Jorge Moreno

Personal information
- Full name: Jorge Moreno San Vidal
- Date of birth: 25 July 2001 (age 24)
- Place of birth: Tres Cantos, Spain
- Height: 1.84 m (6 ft 0 in)
- Position: Centre-back

Team information
- Current team: Tenerife

Youth career
- 2013–2017: Tres Cantos
- 2017–2018: Aravaca
- 2018–2019: Rayo Vallecano

Senior career*
- Years: Team / Apps / (Gls)
- 2019–2023: Rayo Vallecano B / 41 / (7)
- 2021–2022: → Cultural Leonesa (loan) / 30 / (3)
- 2022–2023: → Córdoba (loan) / 29 / (0)
- 2023–2024: Osasuna B / 34 / (1)
- 2024–2025: Osasuna / 1 / (0)
- 2024–2025: → Cartagena (loan) / 23 / (0)
- 2025–2026: Cádiz / 19 / (1)
- 2026–: Tenerife / 0 / (0)

= Jorge Moreno (footballer) =

Spanish footballer

Jorge Moreno San Vidal (born 25 July 2001) is a Spanish professional footballer who plays as a centre-back for CD Tenerife.

==Career==
Moreno was born in Tres Cantos, Community of Madrid, and joined Rayo Vallecano's youth setup in 2018, from Aravaca CF. He was promoted to the reserves in July 2019, and made his senior debut on 1 September, starting in a 4–1 Tercera División away routing of CD San Fernando de Henares.

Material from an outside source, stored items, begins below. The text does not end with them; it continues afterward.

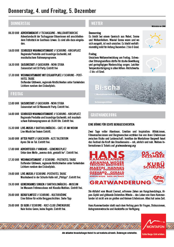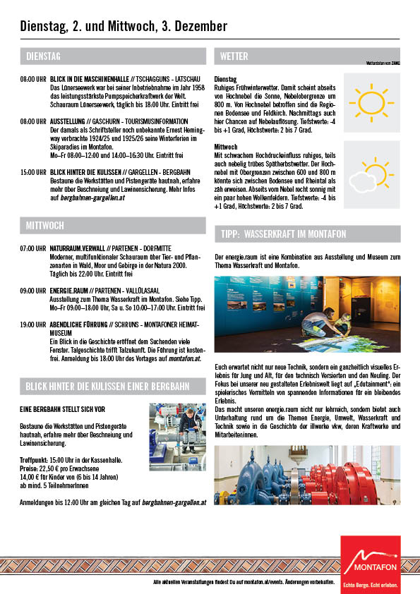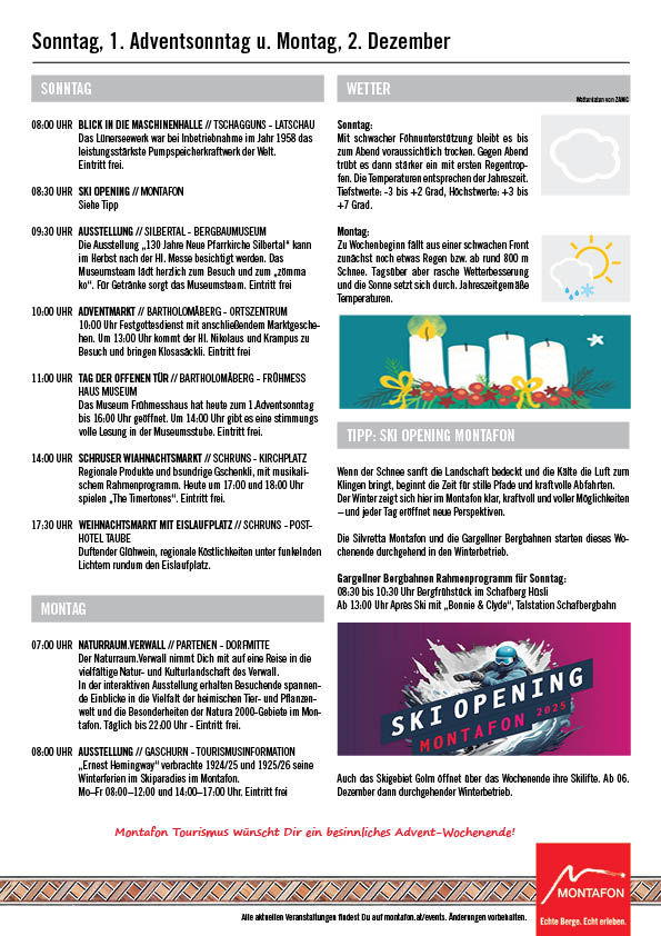 Unser Heute Aktuell ist nicht nur informativ, sondern bringt Dir die Schönheit und das Erlebnis des Montafon näher. Sie hilft Dir, Deinen Tag bestmöglich zu nutzen und wertvolle Erinnerungen zu sammeln. Mit unserem Heute Aktuell bist Du immer bestens informiert und verpasst keine Höhepunkte mehr.
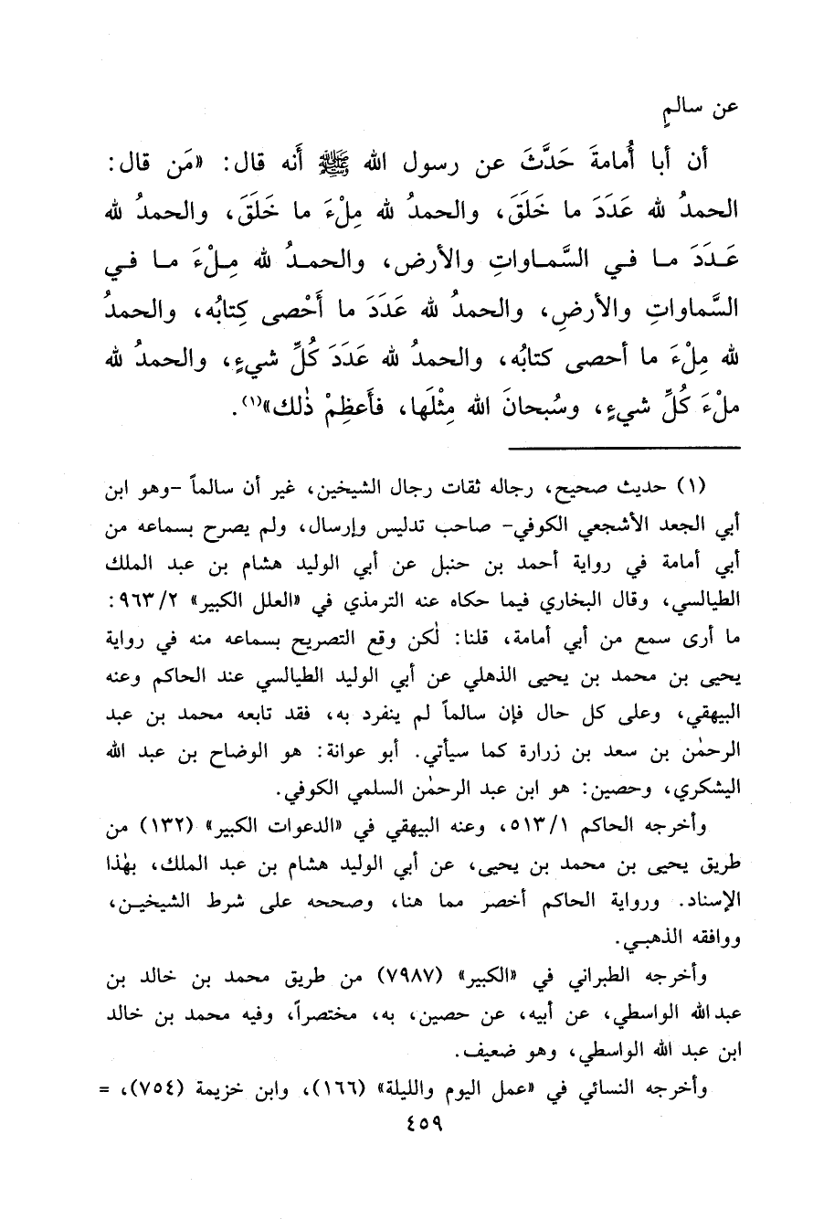 عَنْ سَالِمٍ، أَنَّ أَبَا أُمَامَةَ حَدَّثَ، عَنْ رَسُولِ اللهِ صَلَّى اللهُ عَلَيْهِ وَسَلَّمَ أَنَّهُ قَالَ: " مَنْ قَالَ: الْحَمْدُ لِلَّهِ عَدَدَ مَا خَلَقَ، وَالْحَمْدُ لِلَّهِ مِلْءَ مَا خَلَقَ، وَالْحَمْدُ لِلَّهِ عَدَدَ مَا فِي السَّمَاوَاتِ وَالْأَرْضِ، وَالْحَمْدُ لِلَّهِ مِلْءَ مَا فِي السَّمَاوَاتِ وَالْأَرْضِ، وَالْحَمْدُ لِلَّهِ عَدَدَ مَا أَحْصَى كِتَابُهُ، وَالْحَمْدُ لِلَّهِ مِلْءَ مَا أَحْصَى كِتَابُهُ، وَالْحَمْدُ لِلَّهِ عَدَدَ كُلِّ شَيْءٍ، وَالْحَمْدُ لِلَّهِ مِلْءَ كُلِّ شَيْءٍ، وَسُبْحَانَ اللهِ مِثْلَهَا فَأَعْظِمْ ذَلِكَ " (١)
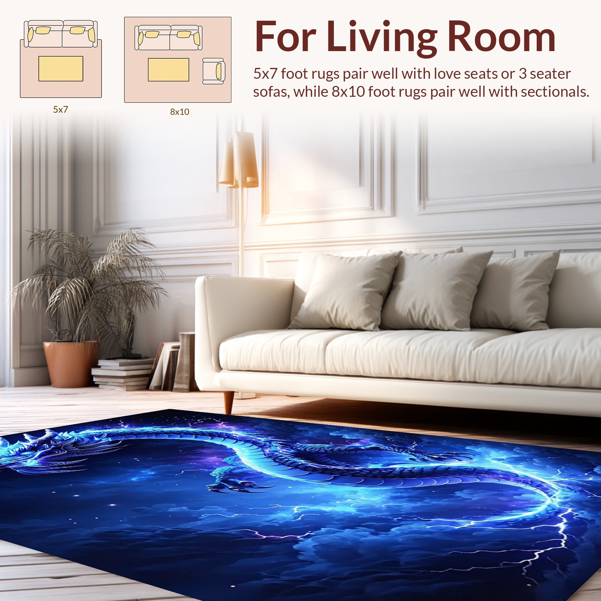 Flatwoven High Traffic Area Rug, Vibrant Cosmic Dragon Imagery, Non Slip, Stain Resistant, Washable Area Rugs for Living Room, Bedroom (Blue) Overview:

Moreno scored his first senior goal on 10 November 2019, netting the B's fourth in a 4–3 home win over CD Leganés B. On 12 August 2021, already established as a regular starter for the B-side, he renewed his contract until 2023, and was loaned to Primera División RFEF side Cultural y Deportiva Leonesa late in the month.

In July 2022, after being a first-choice at Cultu, Moreno further extended his link with Rayo until 2024, and moved to fellow third division side Córdoba CF in a season-long loan deal.

On 1 September 2023, Moreno terminated his link with Rayo and subsequently moved to CA Osasuna, being initially assigned to the reserves also in the third division. He made his first team – and La Liga – debut on 11 May of the following year, coming on as a second-half substitute for Jesús Areso in a 2–2 away draw against Athletic Bilbao.

On 24 July 2024, Moreno was loaned to Segunda División side FC Cartagena for the 2024–25 campaign. On 7 August of the following year, he signed a three-year contract with Cádiz CF also in the second division.

On 1 July 2026, Moreno terminated his link with the Yellow Submarine, and agreed to a two-year deal with fellow second division side CD Tenerife five days later.